Throughout my mental health journey, I’ve repeatedly run into an obstacle, which I will loosely dub ‘I’m not sick enough to deserve help’.
Whenever I would think about getting therapy or talking to anyone about what was going on, I’d say, ‘Well, I’m still going to uni and getting my assignments done. I don’t take drugs. I can leave my house. I might be depressed, and having panic attacks every other day, but I can sort it out. I just need to stop being lazy.’
I think a lot of us take that perspective on our mental health. But let’s flip it so we’re talking about physical health, instead:
‘I hurt my leg a few years ago, but I can still crawl around to places. It’s not ideal because I have to drag this dead weight around with me, and I can’t put weight on that side. Still, it can’t be that bad, because I can use the other leg. I’m not gonna bother getting it checked out until I lose function in both legs. I’m just lazy and need to work harder.’
Sounds dumb right? Granted, lots of us do ignore our physical health for too long, but I don’t think it’s as normalised in our society.
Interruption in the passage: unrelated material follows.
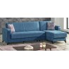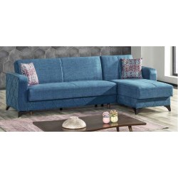 Ο καναπες είναι ένας 3-θέσιος γωνιακός καναπές επενδυμένος με βελούδινο ύφασμα σε ΜΠΛΕ χρώμα και πολύ ψηλά μεταλλικα ποδια. Το πλεονέκτημά του είναι ότι μετατρέπεται σε κρεβάτι με μηχανισμό που «ρίχνει» την πλάτη, ενώ η πλευρά που δημιουργεί την γωνία μπορεί να τοποθετηθεί είτε αριστερά, είτε δεξιά ανάλογα με την διαρρύθμιση του χώρου σας. Ο καναπές διαθέτει και 2 μικρά μαξιλαράκια σε ίδιο χρώμα και ύφασμα.

LBR. I’m a self improvement junkie.
There’s honestly a lot to be said for getting too invested in self-improvement; it can become a compulsion, something to strive for that feels good but at its heart is simply about thinking of yourself as deficient somehow. From when I was sixteen I was obsessed with productivity blogs and books such as Getting Things Done, 7 Habits, etc etc.
These days, I’m sure my desire to find the “perfect” productivity method was an attempt too control anxiety about my grades or whether I was good enough in my academic work (I’ve written about it more here). It was never enough.
Regardless, in small, careful doses it can certainly be useful. I try not to engage in this as a compulsion, i.e. when I’m feeling sad or worthless, or as a distraction from some feeling or activity. I use them to help me live by my values, to strengthen my boundaries, and learn about how to care for myself better. Gratifyingly, this has become a lot easier as the content I consume is generally based in mindfulness and values based living.